Ingat Ya, Jangan Batal Puasa Ramadan Tanpa Uzur!
Published Date: 31 March 2023
Puasa di bulan Ramadan merupakan kewajiban yang tidak dapat ditawar lagi bagi orang beriman. Meski dalam praktinya terbuka peluang untuk tidak menjalankannya dikarenakan adanya uzur, namun ada konsekuensi yang menyertai ketika seorang muslim tidak berpuasa. Pemahaman tentang berpuasa merupakan perkara dasar, sebab puasa termasuk salah satu rukun Islam yang telah ada sejak zaman Rasululullah shalallahu ‘alaihi wa sallam hingga kiamat nanti. Sehingga cukup mengherankan ketika seseorang yang mengaku muslim terlihat bermudah-mudahan tidak berpuasa tanpa adanya uzur yang dibolehkan syariat.

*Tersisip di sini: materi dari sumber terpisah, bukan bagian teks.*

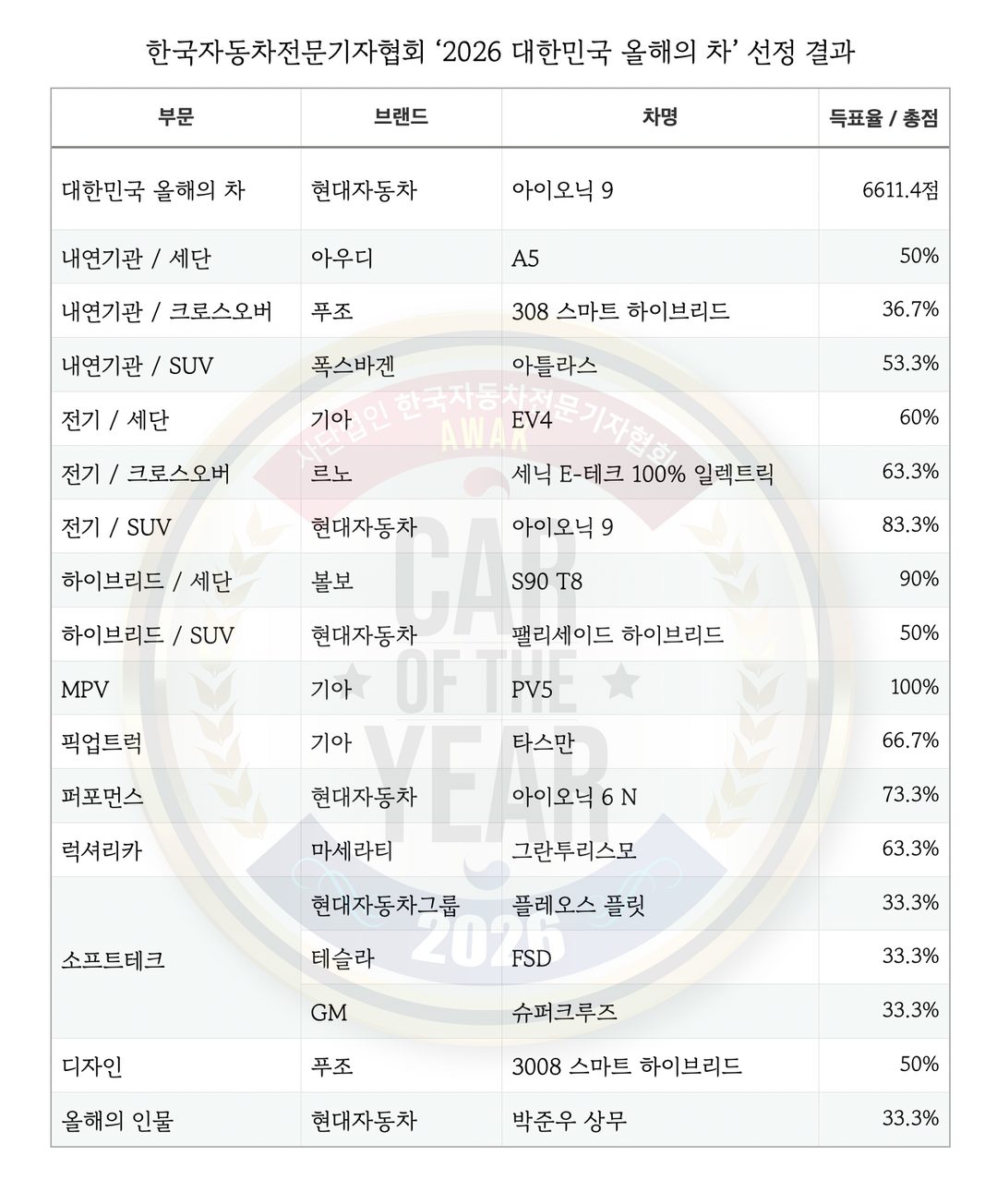 부문별 수상은 △대한민국 올해의 차 ‘현대자동차 아이오닉 9’ △올해의 내연기관 세단 ‘아우디 A5’ △올해의 내연기관 크로스오버 ‘푸조 308 스마트 하이브리드’ △올해의 내연기관 SUV ‘폭스바겐 아틀라스’ △올해의 전기 세단 ‘기아 EV4’ △올해의 전기 크로스오버 ‘르노코리아 세닉 E-테크 100% 일렉트릭’ △올해의 전기 SUV ‘현대자동차 아이오닉 9’ △올해의 하이브리드 세단 ‘볼보 S90 T8’ △올해의 MPV ‘기아 PV5’ △올해의 픽업트럭 ‘기아 타스만’ △올해의 퍼포먼스 ‘현대자동차 아이오닉 6 N’ △올해의 럭셔리카 ‘마세라티 그란투리스모’ △올해의 디자인 ‘푸조 3008 스마트 하이브리드’가 선정됐으며 올해의 인물에는 현대자동차그룹에서 N브랜드를 담당하는 박준우 상무가 선정됐다.

Praktik puasa sebenarnya sederhana saja. Secara kasat mata kita hanya diminta untuk tidak makan dan minum dimulai dari terbit fajar hingga terbenamnya matahari. Selain kedua aktivitas tersebut ada aktivitas lain yang dianggap membatalkan puasa, seperti menghisap rokok, diinfus, dan lain sebagainya sesuai arahan fikih dari ulama. Namun porosnya ialah menahan lapar dan dahaga saja. Tapi beberapa tahun belekangan, praktik sederhana tersebut justru disepelekan oleh sebagian orang. Seolah tanpa konsekuensi ke depan, mereka bisa dengan mudah membatalkan puasa hanya semata merasa malas atau ikut-ikutan lingkungan. Dan hal itu dilakukan tanpa malu-malu lagi, langsung di depan orang lain yang mungkin saja menahan lapar dan haus karena berpuasa.
Padahal jika kita tahu, konsekuensi tidak berpuasa di bulan Ramadan tanpa uzur itu sangat berat, lho. Dalam sebuah hadis, Rasulullah shalallahu’alaihi wa sallam pernah diperlihatkan orang yang bergelantungan pada urat besar di tumitnya, mulut mereka robek, dan dari robekan itu mengeluarkan darah. Kemudian baru diketahui bahwa mereka adalah orang-orang yang membatalkan puasa sebelum waktunya. Bahkan dalam Fiqih Sunnah, Sayyid Sabiq, 1/434, Mawqi’ Ya’sub, Asy Syamilah, Adz-Dzahabi rahimahullah sampai berujar bahwa orang yang sengaja tidak berpuasa di bulan Ramadan tanpa uzur, dosanya lebih jelek dari berzina, atau menenggak minuman keras, bahkan diragukan keislamannya dan disangka sebagai munafik.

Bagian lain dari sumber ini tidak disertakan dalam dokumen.